Segment Open

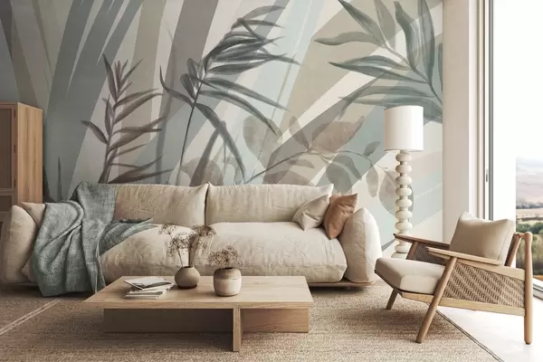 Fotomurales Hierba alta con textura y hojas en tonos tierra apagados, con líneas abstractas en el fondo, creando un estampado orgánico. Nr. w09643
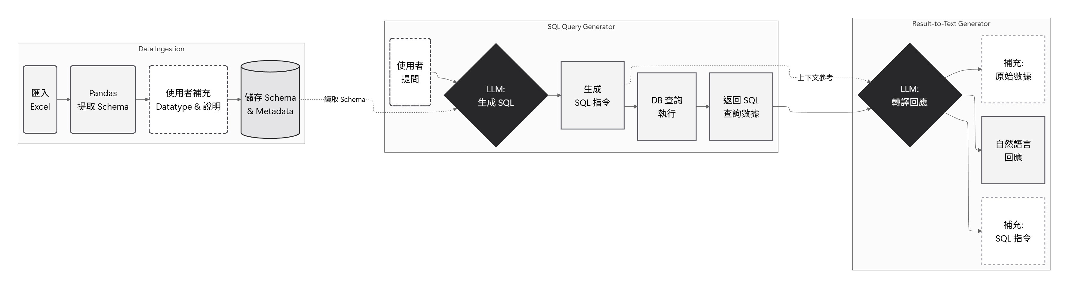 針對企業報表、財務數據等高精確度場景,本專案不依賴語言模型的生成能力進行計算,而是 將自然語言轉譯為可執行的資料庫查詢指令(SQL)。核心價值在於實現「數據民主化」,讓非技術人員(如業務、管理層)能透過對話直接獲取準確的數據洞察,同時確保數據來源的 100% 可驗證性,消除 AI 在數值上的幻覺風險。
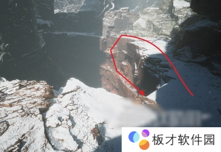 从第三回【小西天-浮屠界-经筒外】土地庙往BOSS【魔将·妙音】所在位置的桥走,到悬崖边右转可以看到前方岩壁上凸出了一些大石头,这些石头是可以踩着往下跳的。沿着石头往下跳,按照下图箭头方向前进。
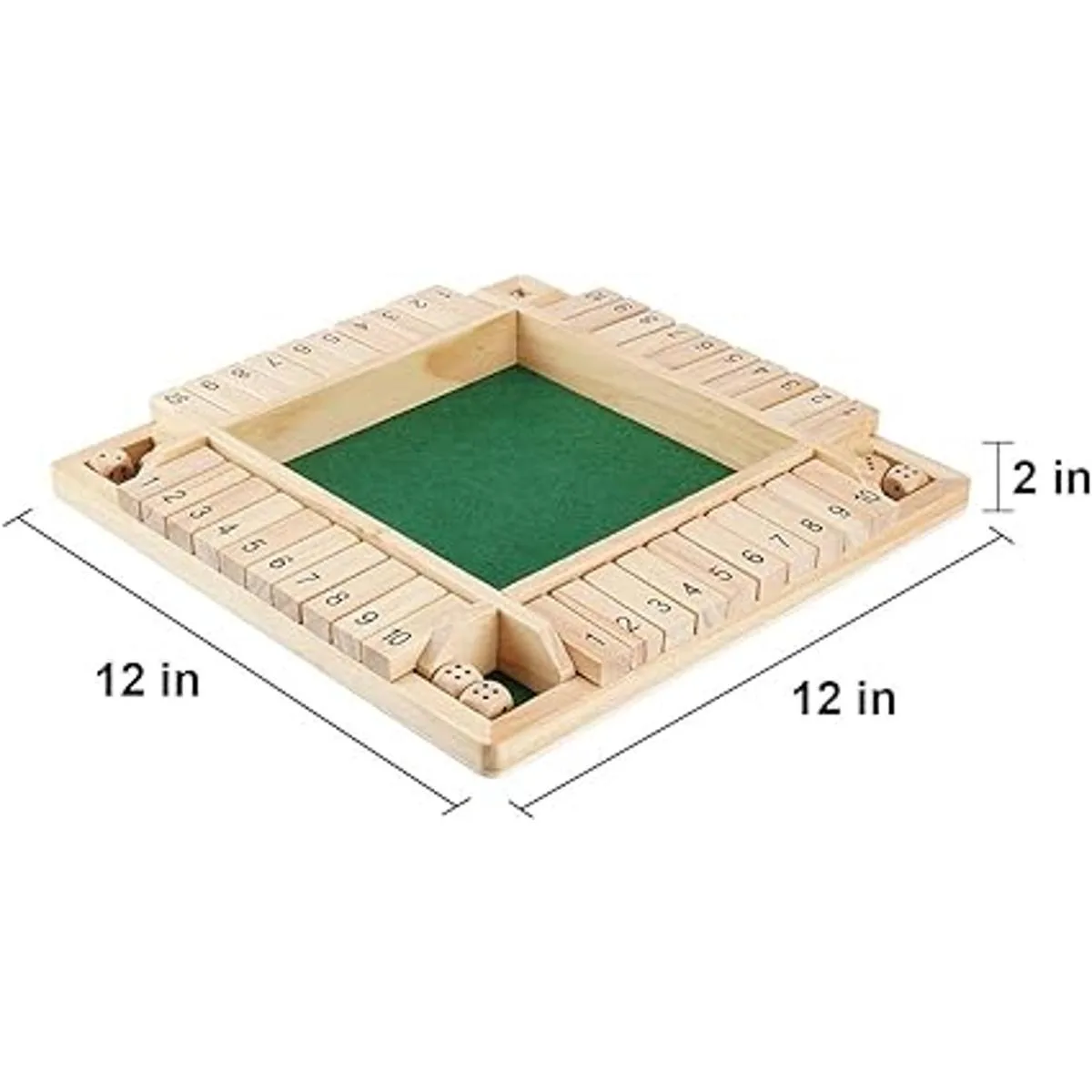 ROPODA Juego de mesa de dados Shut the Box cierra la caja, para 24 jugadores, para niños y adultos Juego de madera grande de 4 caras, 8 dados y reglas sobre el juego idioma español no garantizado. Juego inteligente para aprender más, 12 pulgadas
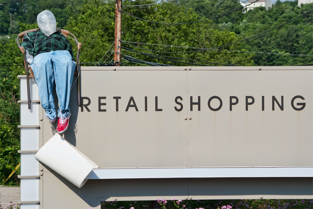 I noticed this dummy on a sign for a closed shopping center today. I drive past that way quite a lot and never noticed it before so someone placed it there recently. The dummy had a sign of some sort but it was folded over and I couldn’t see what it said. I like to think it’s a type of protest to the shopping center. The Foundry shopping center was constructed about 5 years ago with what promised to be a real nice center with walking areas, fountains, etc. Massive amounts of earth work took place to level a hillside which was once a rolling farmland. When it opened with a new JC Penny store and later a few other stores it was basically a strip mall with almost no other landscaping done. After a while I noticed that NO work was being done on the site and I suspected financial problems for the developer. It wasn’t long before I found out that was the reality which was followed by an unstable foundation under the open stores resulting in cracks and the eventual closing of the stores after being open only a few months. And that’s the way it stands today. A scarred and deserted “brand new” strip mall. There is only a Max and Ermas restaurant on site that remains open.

Segment Closed

• **WORK REQUEST**: Starting with the line containing "从第三回【小西天-浮屠界-经" and ending with the last line of the records above, write out each line exactly; no pictures.

• **EXERCISE RESPONSE**:
 从第三回【小西天-浮屠界-经筒外】土地庙往BOSS【魔将·妙音】所在位置的桥走,到悬崖边右转可以看到前方岩壁上凸出了一些大石头,这些石头是可以踩着往下跳的。沿着石头往下跳,按照下图箭头方向前进。
 ROPODA Juego de mesa de dados Shut the Box cierra la caja, para 24 jugadores, para niños y adultos Juego de madera grande de 4 caras, 8 dados y reglas sobre el juego idioma español no garantizado. Juego inteligente para aprender más, 12 pulgadas
 I noticed this dummy on a sign for a closed shopping center today. I drive past that way quite a lot and never noticed it before so someone placed it there recently. The dummy had a sign of some sort but it was folded over and I couldn’t see what it said. I like to think it’s a type of protest to the shopping center. The Foundry shopping center was constructed about 5 years ago with what promised to be a real nice center with walking areas, fountains, etc. Massive amounts of earth work took place to level a hillside which was once a rolling farmland. When it opened with a new JC Penny store and later a few other stores it was basically a strip mall with almost no other landscaping done. After a while I noticed that NO work was being done on the site and I suspected financial problems for the developer. It wasn’t long before I found out that was the reality which was followed by an unstable foundation under the open stores resulting in cracks and the eventual closing of the stores after being open only a few months. And that’s the way it stands today. A scarred and deserted “brand new” strip mall. There is only a Max and Ermas restaurant on site that remains open.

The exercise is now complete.